What does this mean for Ireland? The first point is obvious: make sure we have enough officials and that they’re well-paid and well-regarded. This was also a conclusion of the transit costs project. That report found that infrastructure was delivered much more cheaply in places where there were technically trained officials handling key decisions. In their absence, decisions got fobbed off to consultants, who didn’t care as much about delivering value for money. When the state is investing billions on infrastructure, competent officials are a good investment.

When it comes to competition, the paper stressed that the state has an important role to play. It found that places that actively courted more bids ended up with much lower costs. It found a one standard deviation increase in bidder outreach was correlated with a 17.6 per cent decrease in costs. 

The right lesson

Ireland isn’t the US and it doesn’t have a thick market for contractors. But over time, we can expect to get better at this. We can attract more contractors. Our officials can take on more responsibility. Our contractors can get more efficient. 

The Children’s Hospital is an incredibly high-profile failure of procurement. We can take one of two lessons from it and I hope we take the right one.

The wrong lesson would be for officials to cover their behinds, and refuse to ever take any risk on a project again, lest they fail publicly and ruin their careers. This would be a disaster. The lesson from successful capital investment programmes, according to the Transit Costs Project, is that the state should take on as much risk as it can on these projects. Offloading risk to contractors is a short-termist behind-covering measure that ultimately results in much higher costs.

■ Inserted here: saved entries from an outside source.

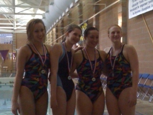 The Marysville-Pilchuck High School Girls stood on the brink of history after 11 events at the Wesco 4A District Meet at Kamiak High School on Saturday Nov. 6th. Going into the 12th and final event they were tied with Snohomish at 391 points, with Kamiak lurking only 10 points back at 381. Fortunately the Tommies had the powerful 400 free relay of Jewel LeValley, Karoline Schaufler, Melody Coleman, and Hannah Taylor up and ready to take on the challenge. The relay, in spectacular fashion, won the final event of the day sealing the victory for Marysville. It was a great team effort as 11 swimmers and 2 divers contributed to the scoring. The 2 divers Maryssa and Roma and Leah Mullen-Gaffney scored points in 1 individual event, and along with the 400 free relay participants Rachel Hartmeyer, Melody Travis, Ava Commissariat, Amanda Collins, Amber Flynn, and Nicole Reynolds each made top 18 and scored in 2 individual events. Thanks to strong performances, Hannah Taylor, Jewel LeValley, Karoline Schaufler and Rachel Hartmeyer will be swimming individual events at the state meet. The 3 relays will also compete with the Mighty Melodys, Coleman and Travis inserted in them.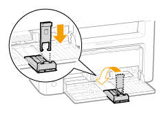 Agganciare la guida per formati di carta piccoli alla guida della carta e abbassarla come mostrato di seguito.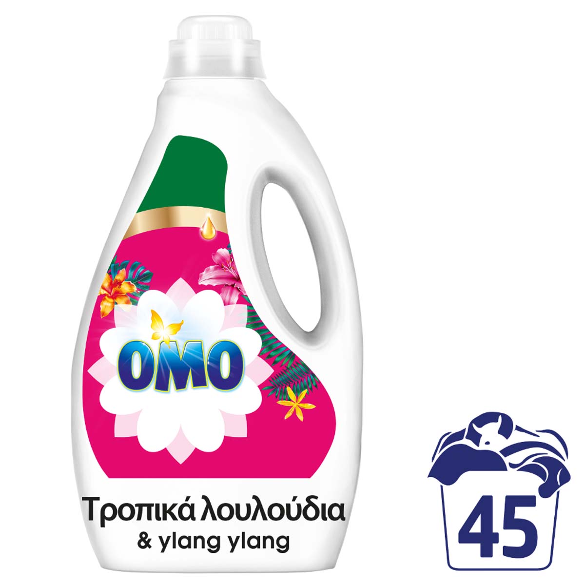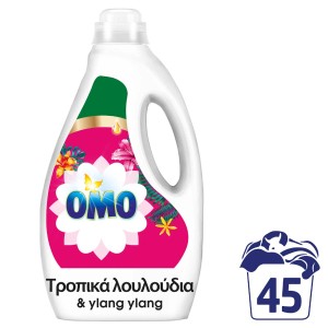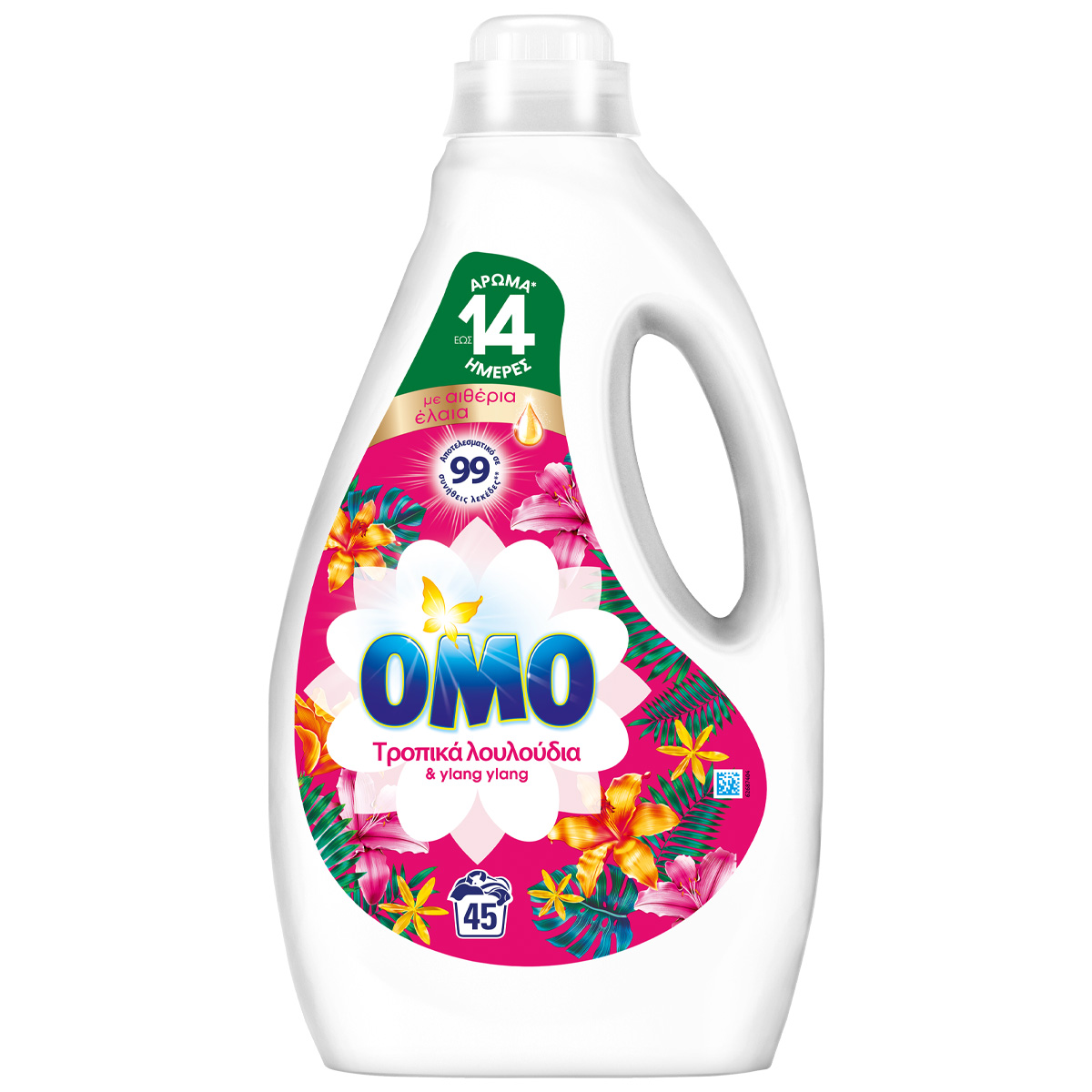 Το ΟΜΟ υγρό απορρυπαντικό για το πλυντήριο με Τροπικά Λουλούδια χαρίζει ένα άρωμα φρεσκοπλυμένου που διαρκεί έως και 14 ημέρες. Κάθε δόση χαρίζει εξαιρετική καθαριότητα, ενώ τα εμπλουτισμένα με αιθέρια έλαια αρώματα που περιέχει έχουν επιλεχτεί ειδικά για να σας προσφέρουν φρεσκάδα που διαρκεί όλη μέρα.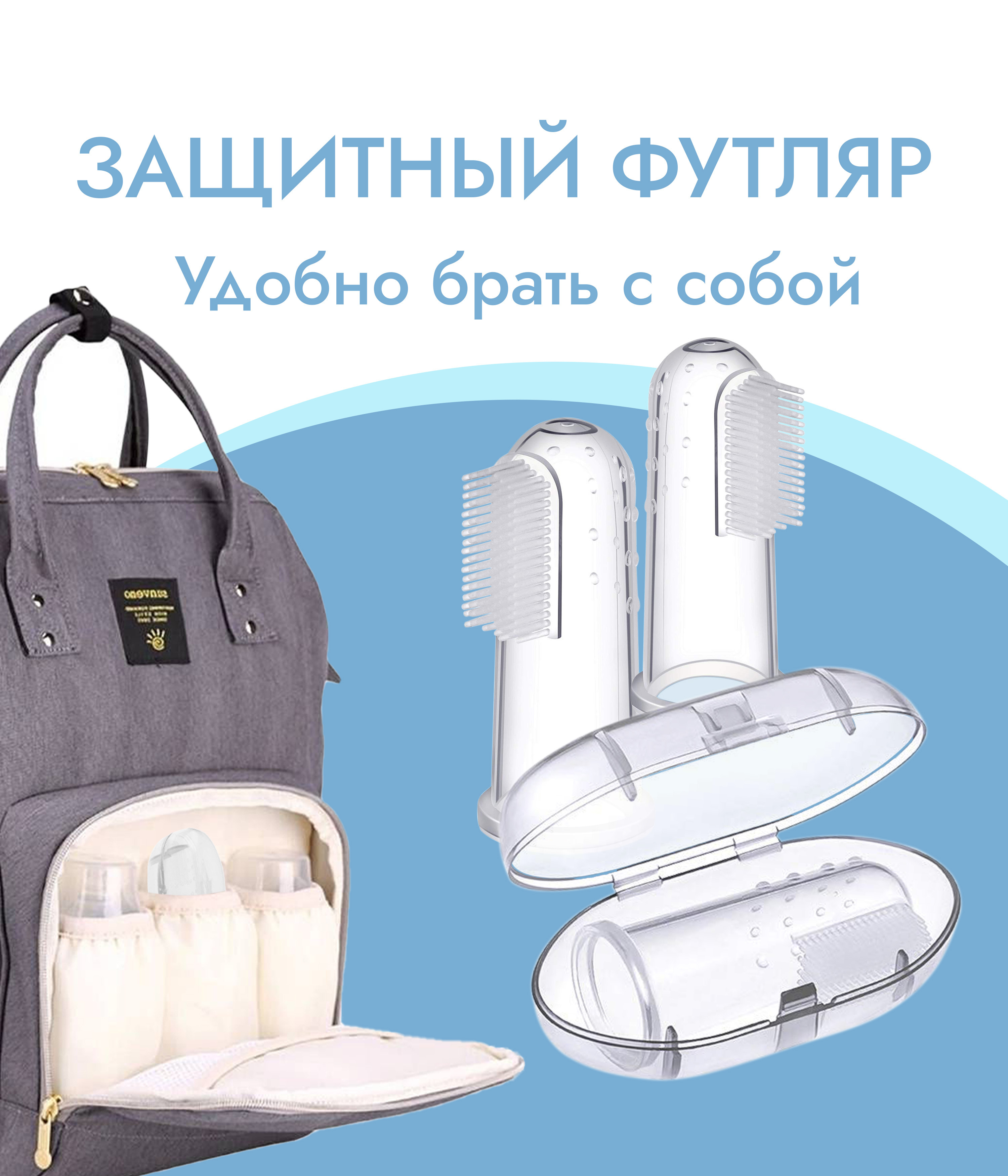 Состав:силиконКомплектация:Набор состоит из 2 силиконовых щеток, которые надеваются на палец и двух контейнеров белого цвета.Описание:Набор зубных щеток-напальчников для детей. Зубные щетки имеют мягкую силиконовую щетину, которая бережно очищает поверхно

The right lesson to take would be to say that the Children’s Hospital, as expensive as it was, is only the first step in a much bigger capital investment programme. We can only expect to get better at capital investment by doing it, by failing and adjusting, and getting more efficient. Let’s stick at it.

Having enough capacity to bring in extra workers would be the icing on the cake. Whether we do that or not, it’s a national imperative that we figure out how to get good at building stuff.